- [Material for this task]
++++++++++
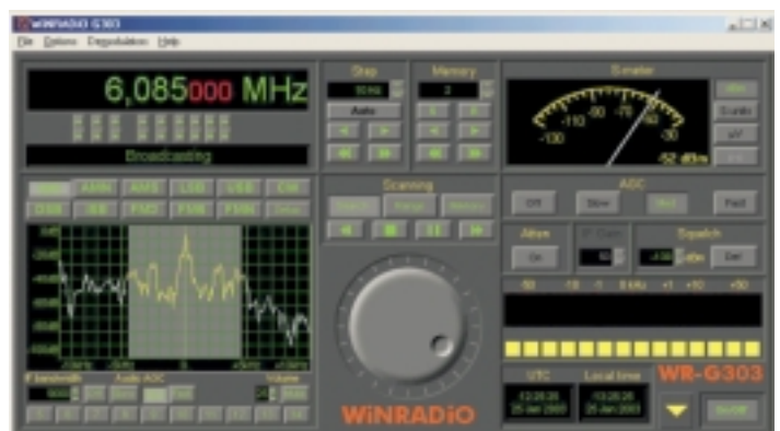
Empfang von BR München auf 6085 kHz

Für die Bedienung des WR-G303i werden die Tastatur und die Maus des Computersystems benötigt, außerdem natürlich der Bildschirm, auf dem die Bedienoberfläche dargestellt wird. Wer zuvor einen herkömmlichen Kommunikationsempfänger bedient hat, muss sich erst an dieses Bedienkonzept ohne fühlbare Knöpfe und Regler gewöhnen. Leichter haben werden es Nutzer, die ohnehin viel mit dem Computer arbeiten und in erster Linie die faszinierenden Möglichkeiten sehen, die eine
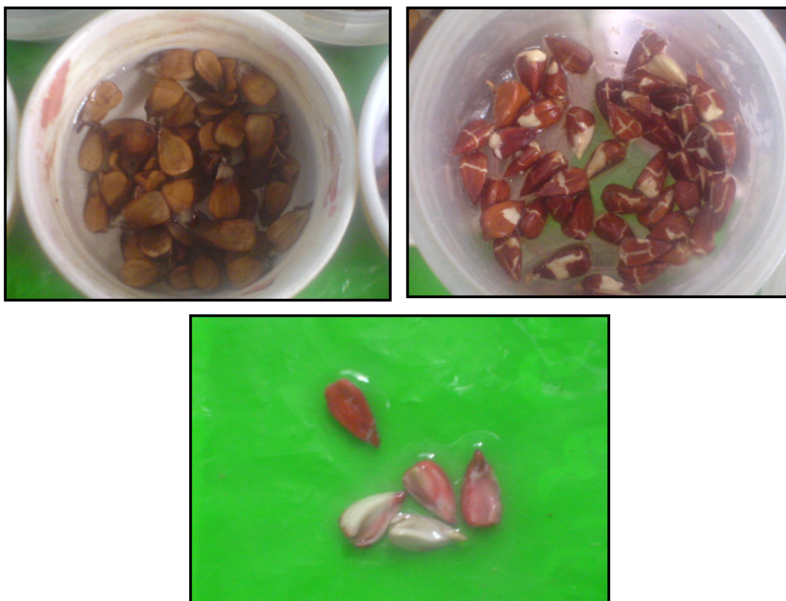
شکل ۱- بالا سمت چپ: بذره‌های خیس‌انده شده در آب برای کندن پوسته اول؛ بالا سمت راست: بذره‌های خیس‌انده برای کندن پوسته دوم؛ پایین: بذر سالم (۴ عدد) و ناسالم (۱ عدد) آغشته به محلول تترازولیوم ۱٪
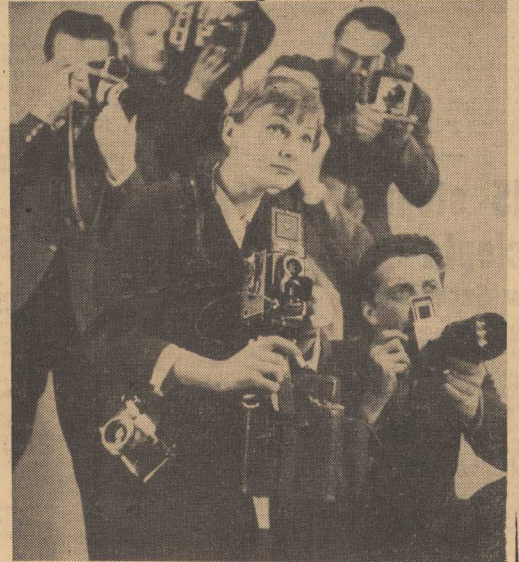
CAF — foto Wdowiński
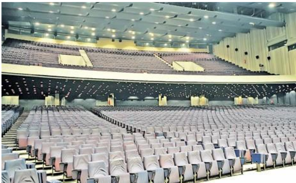
Слика 14. Сала Сава центра
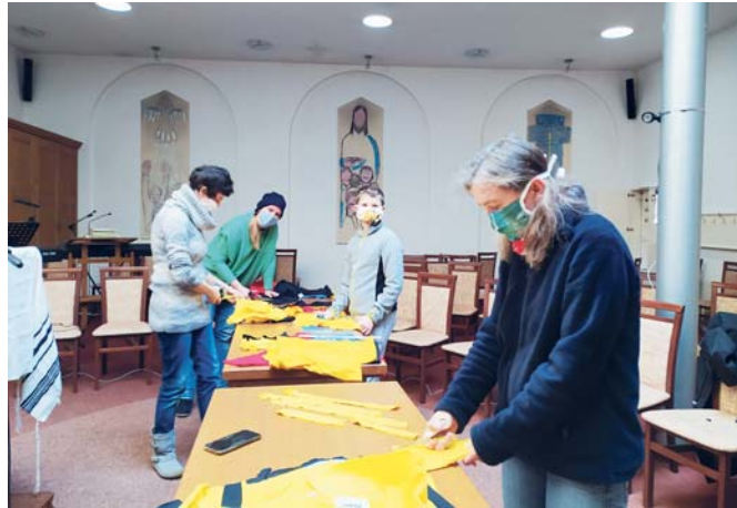
Farní sál v Chebu se proměnil v šicí dílnu na výrobu roušek, zapojují se lidé všeho věku.
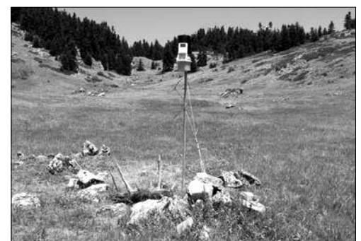
Ο μετεωρολογικός σταθμός της Κεχωρτής

Ένα ιδιότυπο γεωλογικό φαινόμενο έχει διαμορφωθεί στις ψηλές κορυφές του Βυτινιώτικου Μαινάλου πλησίον της «Αλογόβρυσος» και κάτω από την «Πατερίτσα». Η ευρύτερη περιοχή είναι γνωστή με το τοπωνύμιο «Κεχωρτή», ενώ στο κέντρο της είναι το «Βρωμοπήγαδο». Η περιοχή αυτή είναι γνωστή στους Βυτιναίους, που ανεβαίνουν το καλοκαίρι μέχρι εκεί να μαζέψουν τσάι, ενώ την προηγούμενη πεντηκονταετία Βυτιναίοι βοσκοί ανεβάζαν στην περιοχή τα κοπάδια τους. Βέβαια προ εκατονταετίας, όσο και αν ακούγεται παράξενο, οι Βυτιναίοι καλλιεργούσαν κάποιες από αυτές τις εκτάσεις όπως τις «Πενταζέικες λάκκες». Το γεωλογικό φαινόμενο που διαμορφώνεται στην περιοχή ονομάζεται «δολίνη». Οι «δολίνες» είναι φυσικοί σχηματισμοί που δημιουργούνται σε ορεινές περιοχές λόγω καταβύθισης του εδάφους και έχουν το χαρακτηριστικό ότι περικλείονται από υψηλότερες ράχες, οι οποίες τις απομονώνουν από την ατμοσφαιρική κυκλοφορία και τις προστατεύουν από τους ανέμους.
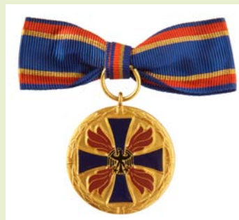
Deutsche Feuerwehr-Ehrenmedaille, Damen
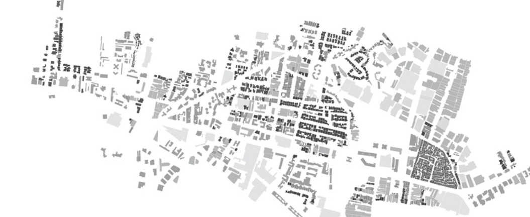
Grana del costruito
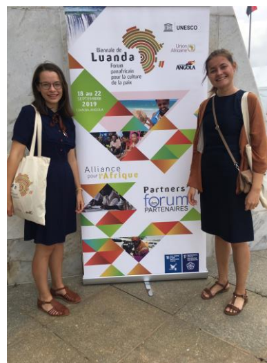
Eesti esindajad biennaalil

18.–22. septembril toimus Angolas Luanda biennaal, mida korraldasid UNESCO, Aafrika Liit ja Angola valitsus. Biennaalil oli kolm suuremat osa: UNESCO partnerite foorum ja UNESCO juhitud paralleelsessioonid, ideedefoorum ja noortefoorum. Ideedefoorumi raames toimus eraldi naiste temaatikale pühendatud päev, paralleelselt foorumiga tutvustati kultuurfestivali raames Aafrika eri piirkondade kultuuri. Tegemist oli Aafrika-ülese sündmusega, kus osalesid Aafrika riigid ning UNESCO ja Aafrika Liiduga seotud osapooled avalikust, era- ja kolmandast sektorist, samuti UNESCO eri programmide eksperdid ning Aafrikas tegevad riigid mujal maailmast.
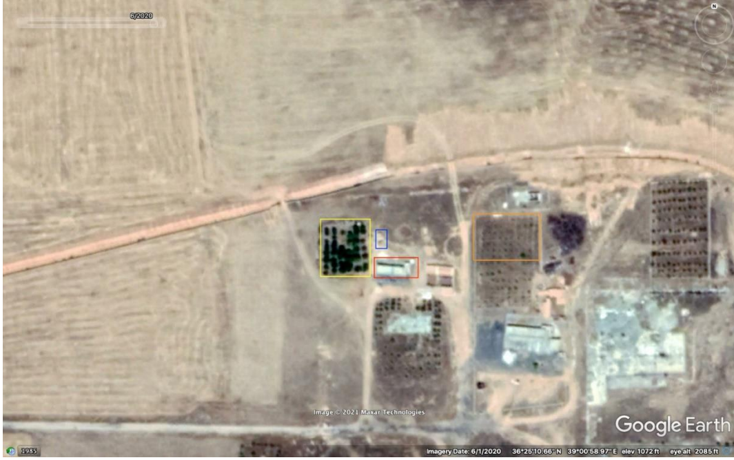
صورة رقم (3) - ربط صورة الأقمار الاصطناعية بصور حية.
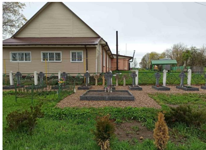
Фото 2. Могила 18 повстанцев 1863 г
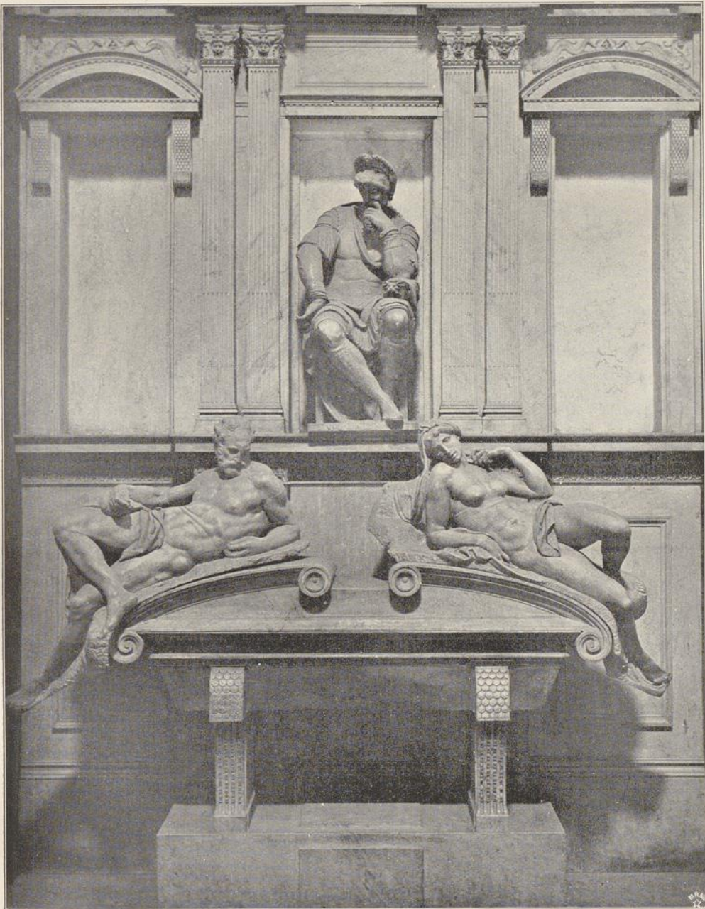
Denkmal des Lorenzo de' Medici in San Lorenzo zu Florenz.
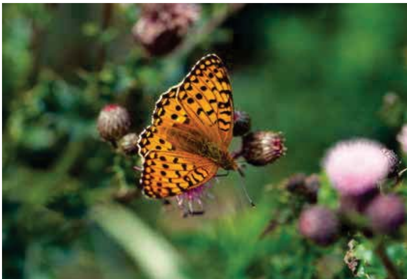
De duinparelmoervlinder kruipt langzaam uit het dal.

Op grond van jarenlange tellingen blijkt het mogelijke de aan het begin van dit artikel gestelde vraag of Texel voor de genoemde 'zorgenkindjes' nu wel of
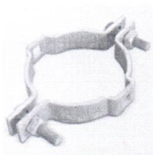
Cinta de aço galvanizado
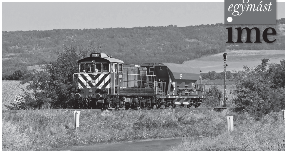
M44-es – „Bobo” (1954) Magyarnándornál
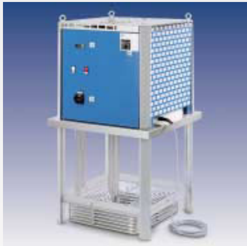
TRK - Eintauch-Rückkühler für Kühlschmierstoffe mit einer Kühlleistung von 2 bis 75 kW. Servicefreundlich in Wartung und Reinigung.

Die preiswerte Alternative für Anwendungen mit höheren Wassertemperaturen.
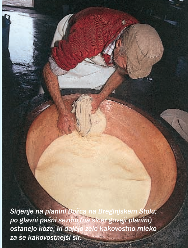
Sirjenje na planini Božca na Breginjskem Stolu; po glavni pašni sezoni (na sicer goveji planini) ostanejo koze, ki dajejo zelo kakovostno mleko za še kakovostnejši sir.

Bohinjske planine so nekaj posebnega. Skoraj do vseh vodijo le pešpoti, tako da so dostopi z živino težavni. V nasprotju s skupno pašo drugih dveh območij se je tu razvilo individualno pašništvo – planšarstvo. Zato je značilna podo-
++++++++++
- [Task details]
Above are the records; restate exactly the lines from the one containing "شکل ۱- بالا" through the one containing "Eesti esindajad biennaalil", keeping pictures out.

- [Written solution]
شکل ۱- بالا سمت چپ: بذره‌های خیس‌انده شده در آب برای کندن پوسته اول؛ بالا سمت راست: بذره‌های خیس‌انده برای کندن پوسته دوم؛ پایین: بذر سالم (۴ عدد) و ناسالم (۱ عدد) آغشته به محلول تترازولیوم ۱٪
CAF — foto Wdowiński
Слика 14. Сала Сава центра
Farní sál v Chebu se proměnil v šicí dílnu na výrobu roušek, zapojují se lidé všeho věku.
Ο μετεωρολογικός σταθμός της Κεχωρτής

Ένα ιδιότυπο γεωλογικό φαινόμενο έχει διαμορφωθεί στις ψηλές κορυφές του Βυτινιώτικου Μαινάλου πλησίον της «Αλογόβρυσος» και κάτω από την «Πατερίτσα». Η ευρύτερη περιοχή είναι γνωστή με το τοπωνύμιο «Κεχωρτή», ενώ στο κέντρο της είναι το «Βρωμοπήγαδο». Η περιοχή αυτή είναι γνωστή στους Βυτιναίους, που ανεβαίνουν το καλοκαίρι μέχρι εκεί να μαζέψουν τσάι, ενώ την προηγούμενη πεντηκονταετία Βυτιναίοι βοσκοί ανεβάζαν στην περιοχή τα κοπάδια τους. Βέβαια προ εκατονταετίας, όσο και αν ακούγεται παράξενο, οι Βυτιναίοι καλλιεργούσαν κάποιες από αυτές τις εκτάσεις όπως τις «Πενταζέικες λάκκες». Το γεωλογικό φαινόμενο που διαμορφώνεται στην περιοχή ονομάζεται «δολίνη». Οι «δολίνες» είναι φυσικοί σχηματισμοί που δημιουργούνται σε ορεινές περιοχές λόγω καταβύθισης του εδάφους και έχουν το χαρακτηριστικό ότι περικλείονται από υψηλότερες ράχες, οι οποίες τις απομονώνουν από την ατμοσφαιρική κυκλοφορία και τις προστατεύουν από τους ανέμους.
Deutsche Feuerwehr-Ehrenmedaille, Damen
Grana del costruito
Eesti esindajad biennaalil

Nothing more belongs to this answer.